──ピンポンピンポン
「おい!まだ生きておるか!いたら返事せい!」
──ドンドンドンッ!
チャイムのボタンを押しながら、それでも足りないと玄関のドアを叩いて鳴らす義介さんに対し、
「義介か? 鍵を外すがあの化物は近くにおらんよな?」
と返事をしてきたのは、この家の住人さん。返事の内容と声色から察するに、餓鬼が徘徊していて今が危険な状況だとちゃんと分かっているようだ。
「おぅ大丈夫じゃ。では開けるぞ?」
こうして解錠された玄関の扉をこちらが開けると。
「…おう、義介。お互い生きとって何より」
顔を覗かせたその人は義介さんの安否を確認するやいなや、自宅から出ようと試みたが、
「んむぅ…、やっぱりか。わしらはまだ家から出られんようだの…」
その試みはパントマイムのように空中をペタペタ触るだけに終わった。
この人には気の毒だが、前に述べた通りだ。チュートリアルダンジョンでステータスを得ない限り、その時点で居た建物からは出られない。そして今回のように外部の誰かに戸を開けてもらってもそれは同じだ。出られない。
そしてこの様子を見れば障壁のようなものが邪魔してるように錯覚するが、そんなものは存在しない。
実のところ、外に出られないのは当人も知らない内に暗示に掛けられたのが原因だったりする。
でもこの暗示は魔力由来で非常に強力だ。

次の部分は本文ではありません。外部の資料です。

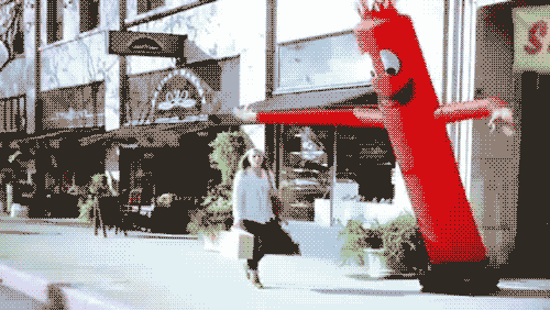這種沒譜的動畫總有各種新奇的辦法找到觀眾笑點,充氣人偶——或者説古怪的揮舞手臂的充氣式搖擺管人,就是作為一段動畫世界的廣告出現的。

仮にでもステータスを得るという段階に入らなければ、決して解けないようになっている。
(それにしても…世界中の人間にしかも一斉にこんな強力な暗示を掛けてしまえるとか…)
改めて思う。この世界をクソゲー化した何者かは、俺の想像など遥か及ばない超々越の存在なのだと。
…そしてそんな超越者に目を付けられたかもしれない現実を想うとな。少々どころではなく頭がクラクラとしてくるんだが…うん、少し話が逸れた。元に戻そう。
建設的な話をすると、鉄壁に見えるこの暗示も『二周目知識チート』を使えば対応可能だ。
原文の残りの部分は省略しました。